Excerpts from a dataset
▬▬▬▬▬▬

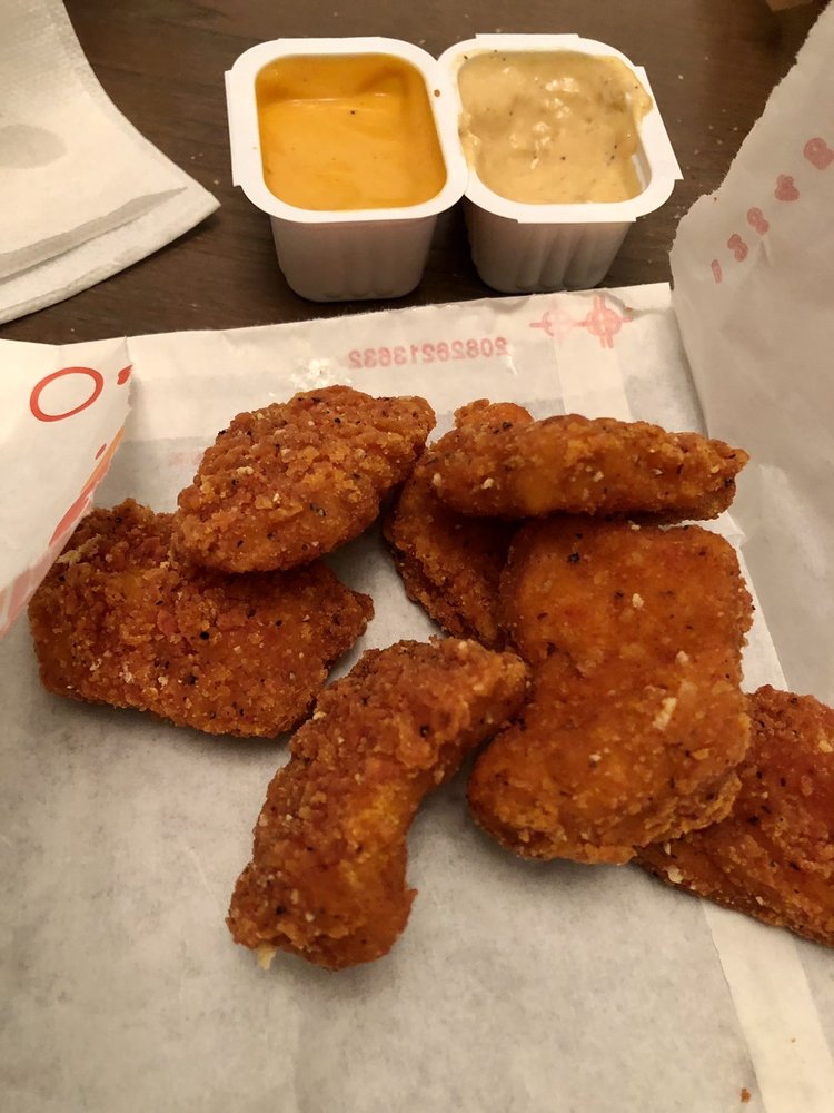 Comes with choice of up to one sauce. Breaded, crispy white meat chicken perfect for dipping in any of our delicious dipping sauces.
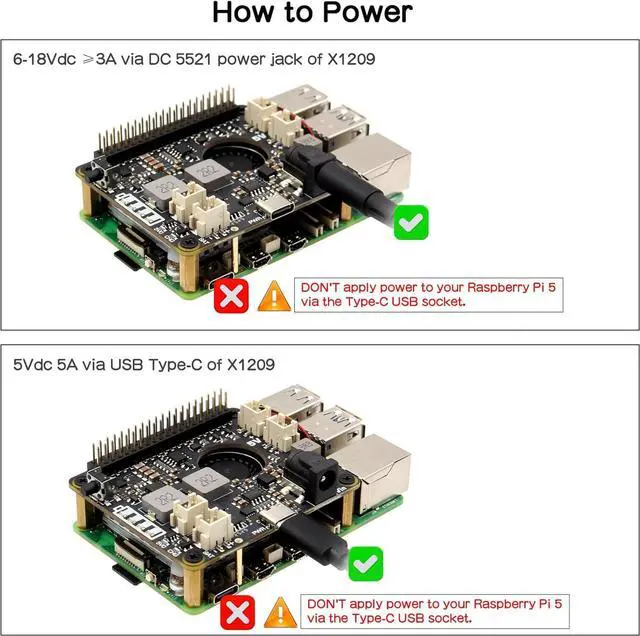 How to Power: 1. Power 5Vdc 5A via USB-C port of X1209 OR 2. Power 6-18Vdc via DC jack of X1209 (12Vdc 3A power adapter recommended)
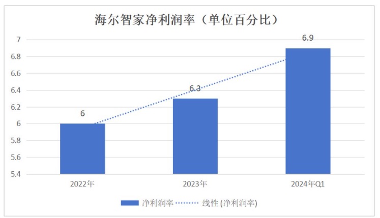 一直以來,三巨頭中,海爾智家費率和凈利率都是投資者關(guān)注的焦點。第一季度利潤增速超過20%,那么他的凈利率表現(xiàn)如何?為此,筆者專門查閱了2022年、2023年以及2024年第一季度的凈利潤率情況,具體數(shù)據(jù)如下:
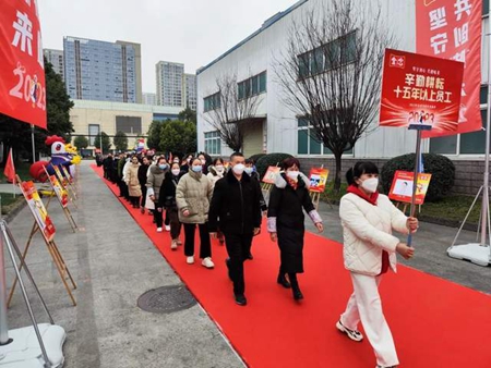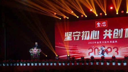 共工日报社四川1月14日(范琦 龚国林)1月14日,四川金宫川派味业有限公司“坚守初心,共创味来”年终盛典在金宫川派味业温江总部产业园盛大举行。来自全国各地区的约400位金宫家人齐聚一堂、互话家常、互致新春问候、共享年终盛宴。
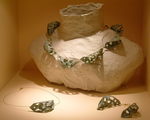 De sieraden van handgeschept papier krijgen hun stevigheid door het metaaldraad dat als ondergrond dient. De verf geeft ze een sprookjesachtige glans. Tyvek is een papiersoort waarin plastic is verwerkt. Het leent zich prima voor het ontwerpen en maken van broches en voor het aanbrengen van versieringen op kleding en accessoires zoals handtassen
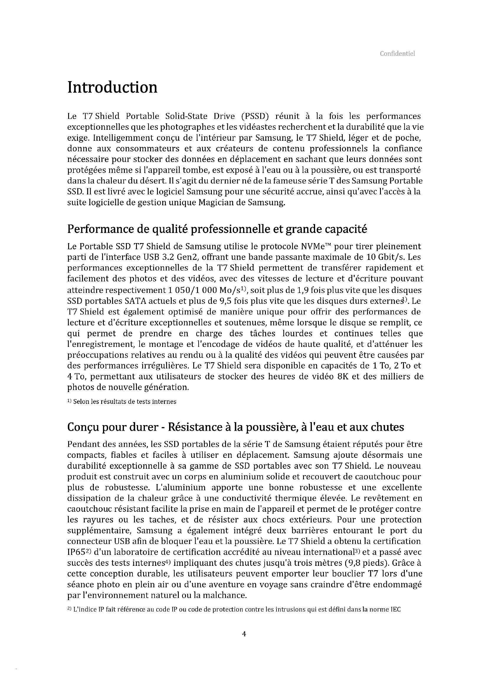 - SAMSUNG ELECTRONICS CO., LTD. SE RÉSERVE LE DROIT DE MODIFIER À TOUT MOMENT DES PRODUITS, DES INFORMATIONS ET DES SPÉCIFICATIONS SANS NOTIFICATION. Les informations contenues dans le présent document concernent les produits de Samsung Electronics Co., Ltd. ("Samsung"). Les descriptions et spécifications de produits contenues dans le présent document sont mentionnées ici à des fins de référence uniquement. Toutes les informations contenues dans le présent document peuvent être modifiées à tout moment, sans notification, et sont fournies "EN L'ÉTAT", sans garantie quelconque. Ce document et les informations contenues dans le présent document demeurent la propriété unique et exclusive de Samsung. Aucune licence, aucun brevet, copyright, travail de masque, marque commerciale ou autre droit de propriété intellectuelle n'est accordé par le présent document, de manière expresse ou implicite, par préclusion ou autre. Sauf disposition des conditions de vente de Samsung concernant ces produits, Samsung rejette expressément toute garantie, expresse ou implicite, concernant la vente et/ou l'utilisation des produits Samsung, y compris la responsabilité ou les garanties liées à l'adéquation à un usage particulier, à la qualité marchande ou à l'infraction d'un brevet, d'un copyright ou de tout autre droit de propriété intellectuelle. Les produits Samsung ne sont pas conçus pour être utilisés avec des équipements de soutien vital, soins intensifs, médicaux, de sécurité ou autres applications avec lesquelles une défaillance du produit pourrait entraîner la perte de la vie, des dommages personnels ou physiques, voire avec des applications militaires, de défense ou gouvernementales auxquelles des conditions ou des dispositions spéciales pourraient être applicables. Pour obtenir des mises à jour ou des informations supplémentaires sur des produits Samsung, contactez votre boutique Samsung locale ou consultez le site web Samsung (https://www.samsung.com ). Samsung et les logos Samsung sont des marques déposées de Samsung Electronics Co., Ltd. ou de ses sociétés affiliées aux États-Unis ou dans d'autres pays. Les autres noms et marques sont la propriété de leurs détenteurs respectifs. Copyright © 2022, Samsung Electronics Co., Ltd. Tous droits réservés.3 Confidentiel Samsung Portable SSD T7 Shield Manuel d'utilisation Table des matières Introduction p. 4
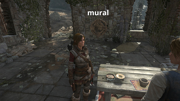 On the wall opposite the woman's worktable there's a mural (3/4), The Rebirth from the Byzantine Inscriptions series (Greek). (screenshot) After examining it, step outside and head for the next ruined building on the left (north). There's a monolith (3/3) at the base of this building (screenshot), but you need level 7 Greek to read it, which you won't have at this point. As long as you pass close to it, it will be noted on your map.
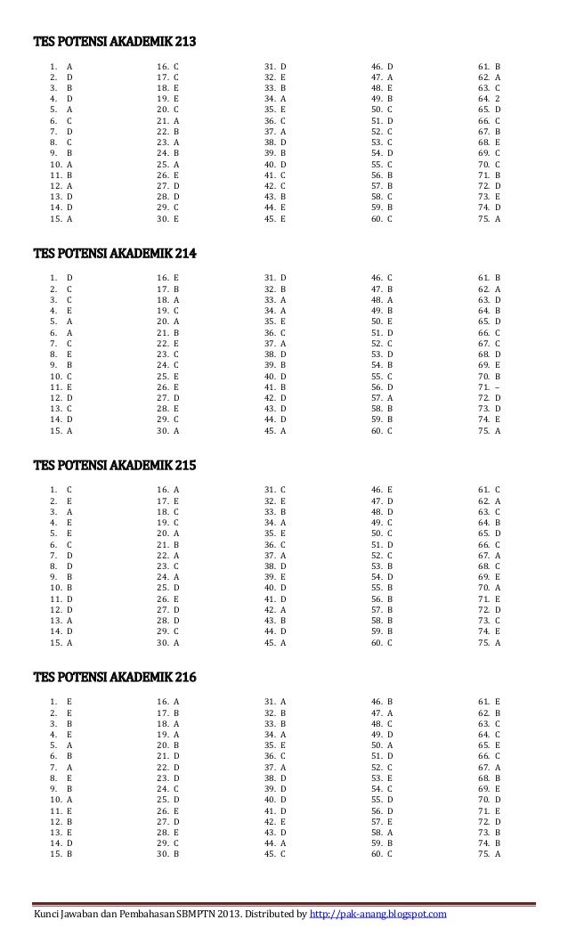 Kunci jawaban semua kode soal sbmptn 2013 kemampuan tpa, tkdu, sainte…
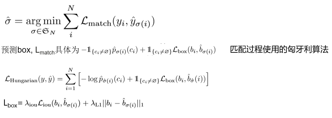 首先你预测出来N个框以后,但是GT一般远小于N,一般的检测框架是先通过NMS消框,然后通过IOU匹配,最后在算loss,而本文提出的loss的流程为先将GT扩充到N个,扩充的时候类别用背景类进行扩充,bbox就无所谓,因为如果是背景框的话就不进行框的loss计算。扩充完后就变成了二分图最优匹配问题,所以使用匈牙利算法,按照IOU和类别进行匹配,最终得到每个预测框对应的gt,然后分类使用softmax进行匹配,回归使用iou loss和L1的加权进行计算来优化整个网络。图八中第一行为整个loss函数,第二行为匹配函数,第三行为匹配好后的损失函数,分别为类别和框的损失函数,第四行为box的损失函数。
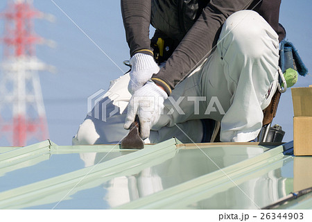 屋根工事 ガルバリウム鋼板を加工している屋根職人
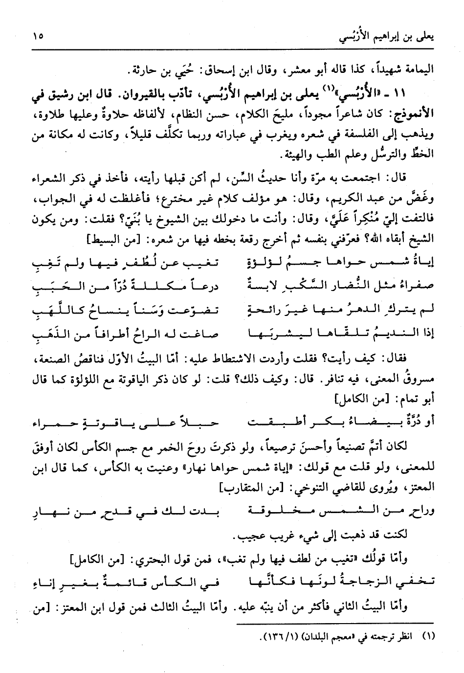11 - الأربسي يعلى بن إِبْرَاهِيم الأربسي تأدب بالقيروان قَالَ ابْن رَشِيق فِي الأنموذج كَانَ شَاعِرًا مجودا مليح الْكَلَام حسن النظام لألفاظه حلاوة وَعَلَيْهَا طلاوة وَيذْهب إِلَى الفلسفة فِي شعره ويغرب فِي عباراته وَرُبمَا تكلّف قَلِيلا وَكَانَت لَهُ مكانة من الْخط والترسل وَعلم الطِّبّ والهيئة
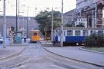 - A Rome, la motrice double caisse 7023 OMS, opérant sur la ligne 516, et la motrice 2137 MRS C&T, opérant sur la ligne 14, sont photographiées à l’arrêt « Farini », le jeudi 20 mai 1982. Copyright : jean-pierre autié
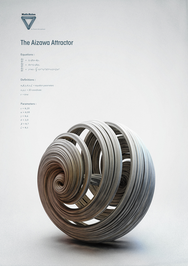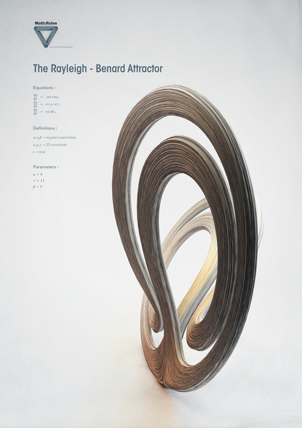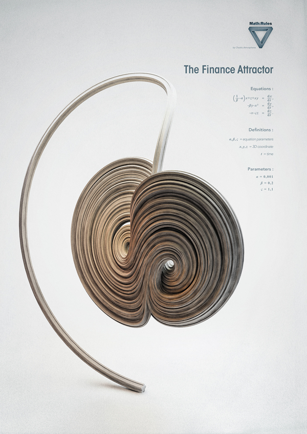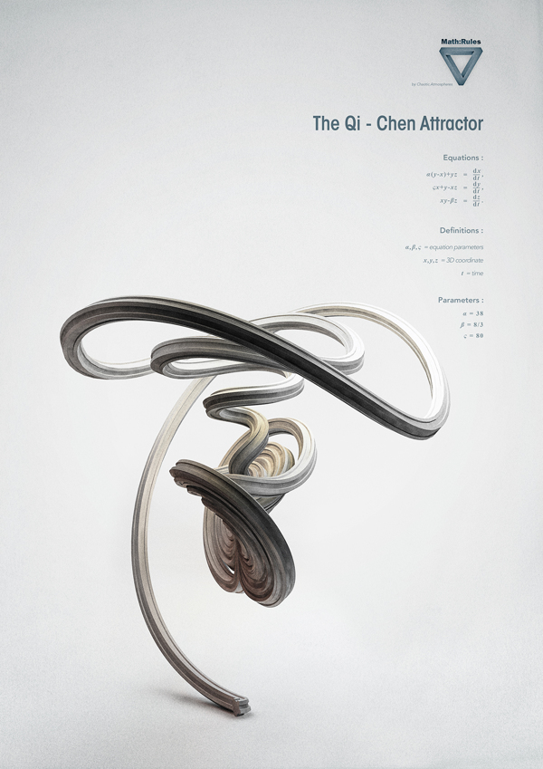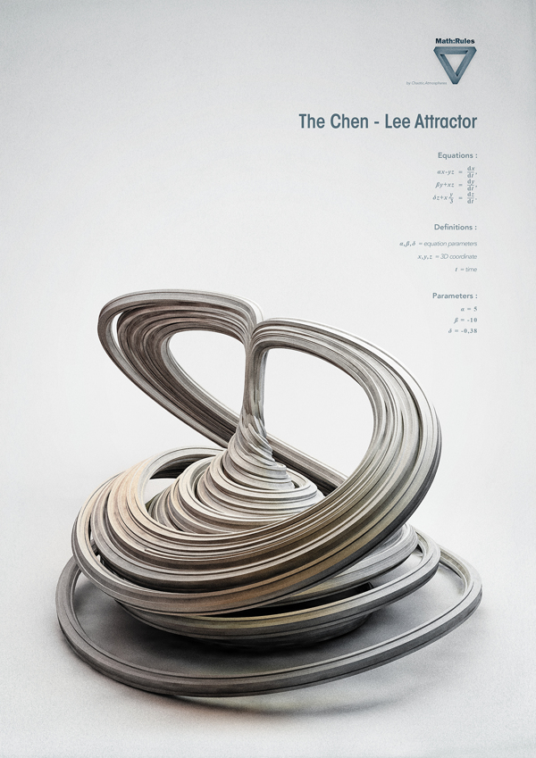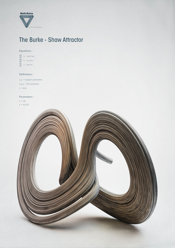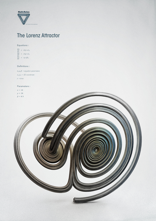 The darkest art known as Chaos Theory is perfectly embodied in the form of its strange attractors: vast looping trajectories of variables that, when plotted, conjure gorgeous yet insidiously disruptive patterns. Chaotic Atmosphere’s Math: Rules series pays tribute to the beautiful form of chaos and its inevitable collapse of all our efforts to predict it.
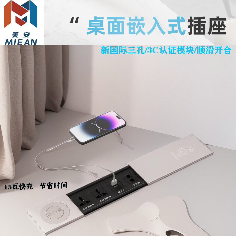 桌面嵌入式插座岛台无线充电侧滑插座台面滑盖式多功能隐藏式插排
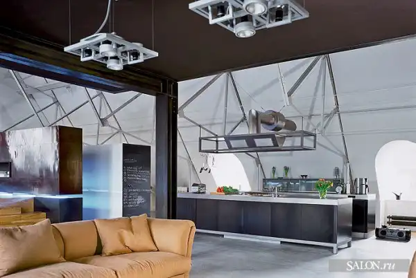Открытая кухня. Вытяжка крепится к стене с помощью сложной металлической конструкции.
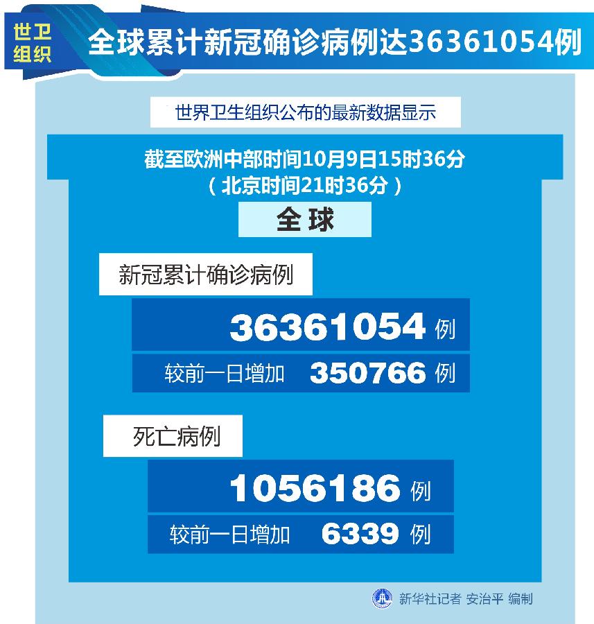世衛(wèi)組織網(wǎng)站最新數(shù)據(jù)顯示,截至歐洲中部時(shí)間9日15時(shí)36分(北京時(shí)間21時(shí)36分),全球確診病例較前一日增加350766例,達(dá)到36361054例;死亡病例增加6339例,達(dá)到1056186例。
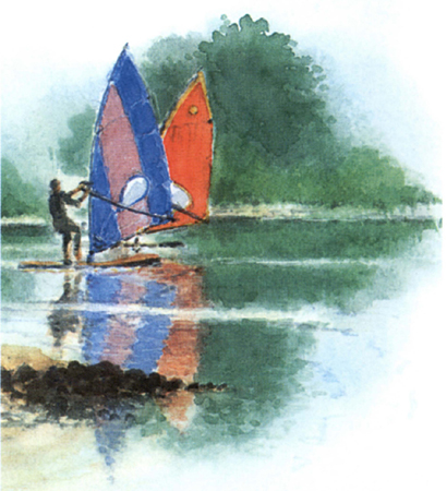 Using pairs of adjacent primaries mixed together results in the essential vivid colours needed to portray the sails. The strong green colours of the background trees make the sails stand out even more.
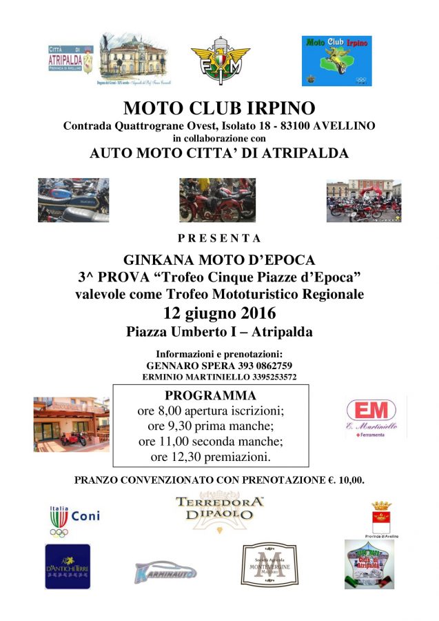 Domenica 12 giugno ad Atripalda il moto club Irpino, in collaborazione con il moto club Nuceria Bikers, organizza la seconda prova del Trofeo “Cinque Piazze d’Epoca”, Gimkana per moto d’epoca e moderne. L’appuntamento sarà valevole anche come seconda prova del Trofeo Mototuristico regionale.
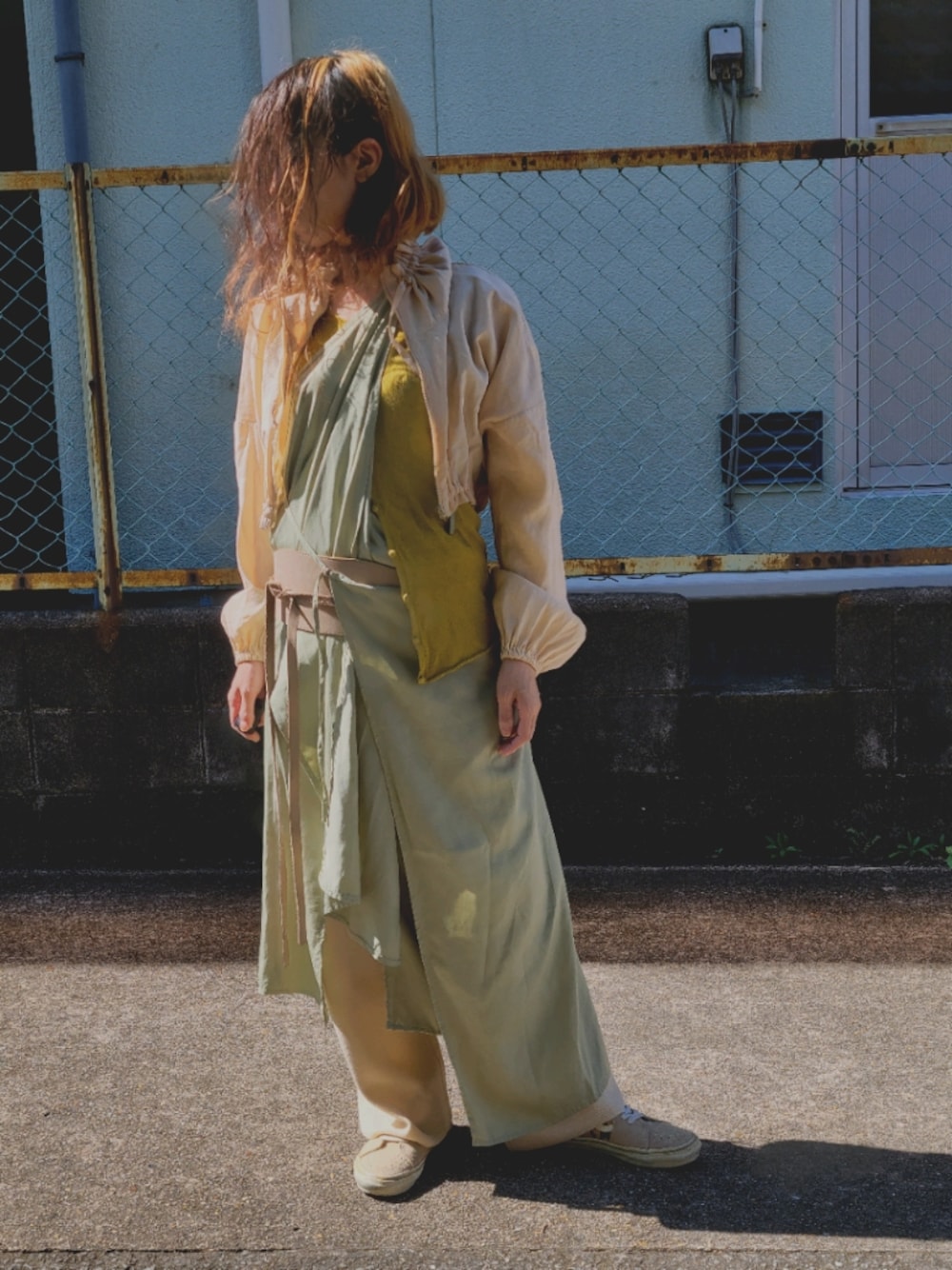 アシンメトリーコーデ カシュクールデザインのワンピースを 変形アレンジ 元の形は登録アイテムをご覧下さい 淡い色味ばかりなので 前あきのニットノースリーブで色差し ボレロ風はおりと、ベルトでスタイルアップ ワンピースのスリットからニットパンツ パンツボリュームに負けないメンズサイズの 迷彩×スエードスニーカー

▬▬▬▬▬▬

• [PROBLEM DESCRIPTION]: Would you give again, exactly, the lines in the data above that run from the line containing "- A Rome, la" to the line containing "世衛(wèi)組織網(wǎn"? Include both ends and no pictures.

• [ANSWER SPACE]:
 - A Rome, la motrice double caisse 7023 OMS, opérant sur la ligne 516, et la motrice 2137 MRS C&T, opérant sur la ligne 14, sont photographiées à l’arrêt « Farini », le jeudi 20 mai 1982. Copyright : jean-pierre autié
 The darkest art known as Chaos Theory is perfectly embodied in the form of its strange attractors: vast looping trajectories of variables that, when plotted, conjure gorgeous yet insidiously disruptive patterns. Chaotic Atmosphere’s Math: Rules series pays tribute to the beautiful form of chaos and its inevitable collapse of all our efforts to predict it.
 桌面嵌入式插座岛台无线充电侧滑插座台面滑盖式多功能隐藏式插排
Открытая кухня. Вытяжка крепится к стене с помощью сложной металлической конструкции.
世衛(wèi)組織網(wǎng)站最新數(shù)據(jù)顯示,截至歐洲中部時(shí)間9日15時(shí)36分(北京時(shí)間21時(shí)36分),全球確診病例較前一日增加350766例,達(dá)到36361054例;死亡病例增加6339例,達(dá)到1056186例。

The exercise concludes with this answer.